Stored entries
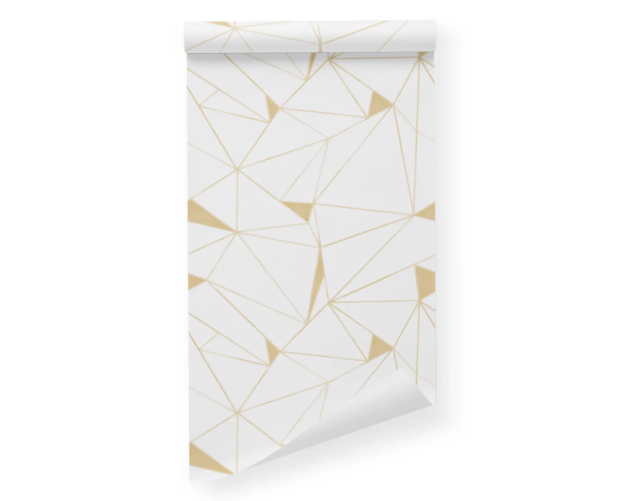 Add some pizzazz to any space with our Triangle Maze Peel And Stick Removable Wallpaper. This design features fractured, gold prisms painted across a white background. Fully customizable with any of our beautiful colors, this wallpaper is the perfect way to breathe new life into any room.
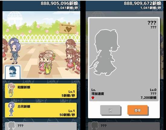 2、点击一下才有一位新娘实在太慢了,还好可以升级“登记结婚(应该是翻译问题,意思应该是结婚证)”,拥有越高等级的“登记结婚”每一次点击就能产生更多的新娘
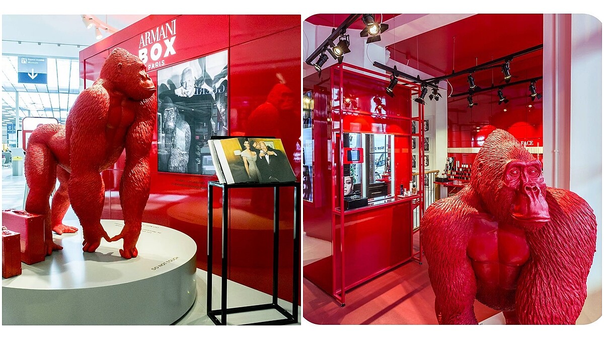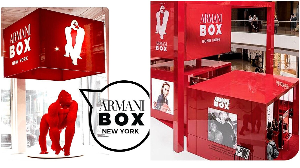 Giorgio Armani以Armani先生最喜愛的巨型紅色猩猩為主題,打造全紅色,視覺感非常強烈的ARMANI BOX亞曼尼精品美妝全球巡迴快閃店,之前已在倫敦、巴黎、紐約、東京、首爾、北京、香港等城市開張。
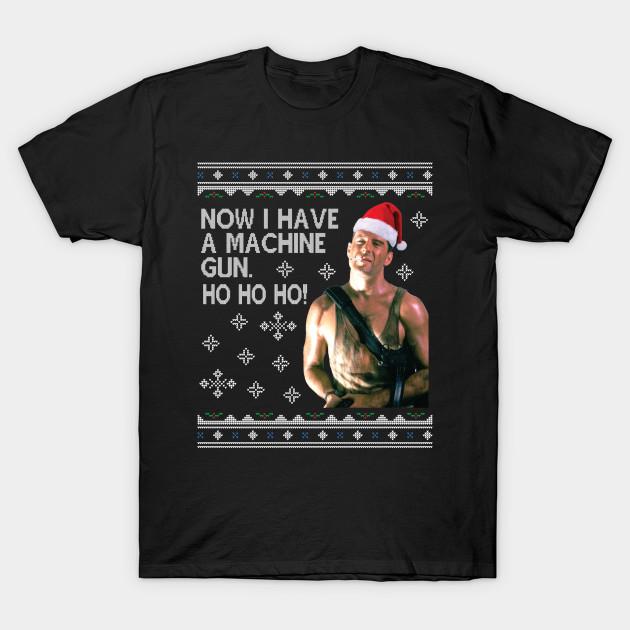 Camiseta Masculina Preta Estampada Die Hard Ho Ho Ho Metralhadora Natal Kint Estampa em Transfer Sem Corte Algodão
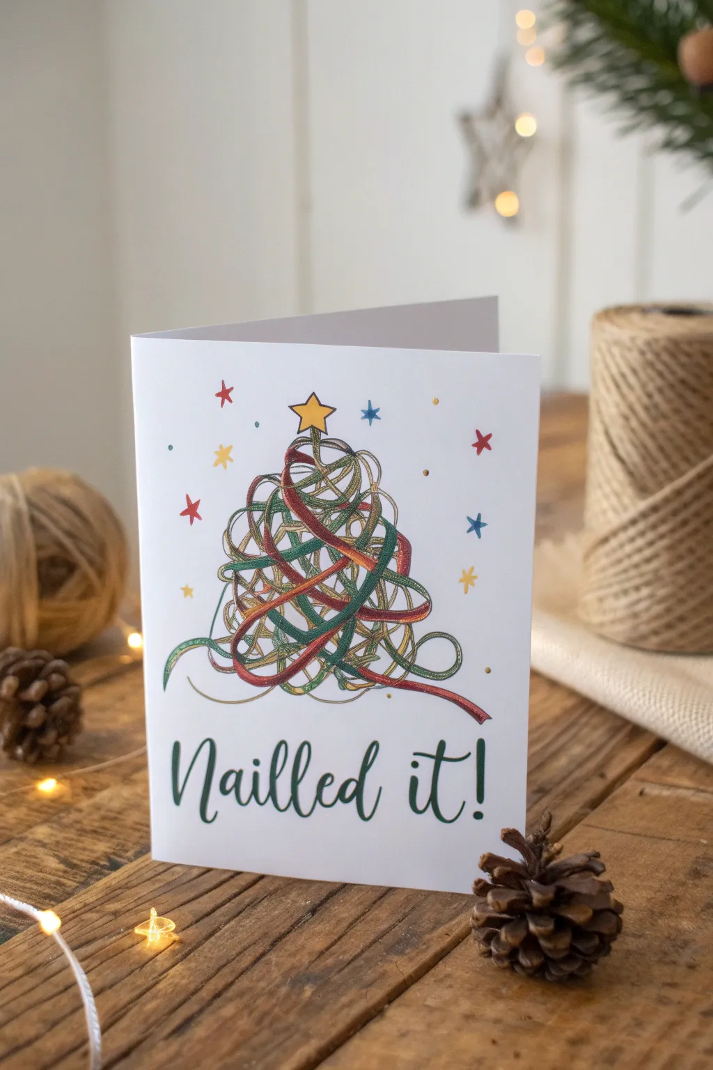 Design a card featuring a tangled heap of gift wrap and ribbon with ‘Got it!’ It’s a relatable festive struggle everyone can laugh about.
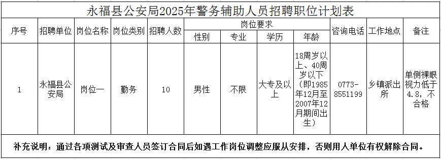 計劃招聘警務輔助人員10名。具體崗位、招聘人數(shù)、資格條件詳見《永福縣公安局輔警招聘計劃表》。
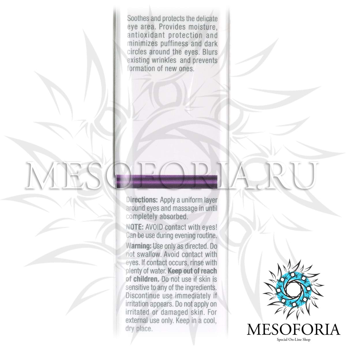 Активные ингредиенты: гиалуроновая кислота, комплекс Eye beautifier, ретинил пальмитат (0.12%), комплекс Soothing plant blend, пантенол, диметикон, токоферола ацетат.

**Your instructions:** Your answer must be an exact repeat of the records above, with the pictures left out.

**Answer to the exercise:**
 Add some pizzazz to any space with our Triangle Maze Peel And Stick Removable Wallpaper. This design features fractured, gold prisms painted across a white background. Fully customizable with any of our beautiful colors, this wallpaper is the perfect way to breathe new life into any room.
 2、点击一下才有一位新娘实在太慢了,还好可以升级“登记结婚(应该是翻译问题,意思应该是结婚证)”,拥有越高等级的“登记结婚”每一次点击就能产生更多的新娘
 Giorgio Armani以Armani先生最喜愛的巨型紅色猩猩為主題,打造全紅色,視覺感非常強烈的ARMANI BOX亞曼尼精品美妝全球巡迴快閃店,之前已在倫敦、巴黎、紐約、東京、首爾、北京、香港等城市開張。
 Camiseta Masculina Preta Estampada Die Hard Ho Ho Ho Metralhadora Natal Kint Estampa em Transfer Sem Corte Algodão
 Design a card featuring a tangled heap of gift wrap and ribbon with ‘Got it!’ It’s a relatable festive struggle everyone can laugh about.
 計劃招聘警務輔助人員10名。具體崗位、招聘人數(shù)、資格條件詳見《永福縣公安局輔警招聘計劃表》。
 Активные ингредиенты: гиалуроновая кислота, комплекс Eye beautifier, ретинил пальмитат (0.12%), комплекс Soothing plant blend, пантенол, диметикон, токоферола ацетат.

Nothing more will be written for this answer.